Long-context LLMs Struggle with Long In-context Learning

Paper · arXiv 2404.02060 · Published April 2, 2024
Test Time Compute

We introduce a benchmark (LongICLBench) for long in-context learning in extreme-label classification using six datasets with 28 to 174 classes and input lengths from 2K to 50K tokens. Our benchmark requires LLMs to comprehend the entire input to recognize the massive label spaces to make correct predictions. We evaluate on 15 long-context LLMs and find that they perform well on less challenging classification tasks with smaller label space and shorter demonstrations. However, they struggle with more challenging task like Discovery with 174 labels, suggesting a gap in their ability to process long, context-rich sequences. Further analysis reveals a bias towards labels presented later in the sequence and a need for improved reasoning over multiple pieces of information. Our study reveals that long context understanding and reasoning is still a challenging task for the existing LLMs.

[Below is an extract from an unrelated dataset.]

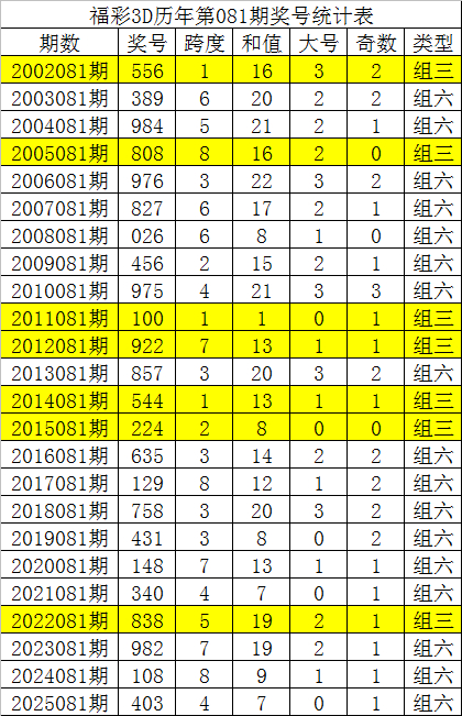 福彩3D积年第081期同期分辨开出奖号:556、389、984、808、976、827、026、456、975、100、922、857、544、224、635、129、758、431、148、340、838、982、108、403,谨慎统计见下表:

In this paper, we propose to adopt in-context learning (ICL) on extreme-label classification tasks (Anil et al., 2022; Milios et al., 2023) to evaluate long-context LLMs. Unlike the prior tasks, in-context learning requires LLMs to recognize the task by scanning over the entire input to understand the label space. This task necessitates LLMs’ ability to comprehend the entire input to make predictions. Due to the massive label space, the task demonstration could easily become a long sequence. For example, Discovery (Sileo et al., 2019) encompasses 174 classes with each example taking an average of 61 tokens. Therefore, the minimum total demonstration length (1 shot per class) already exceeds 10K tokens. Normally, LLMs demand more than 1 shot per class to understand the nuances of different fine-grained labels. Having multiple shots can significantly extend the total demonstration length to above 32K. Therefore, this task becomes a natural testbed for long-context understanding.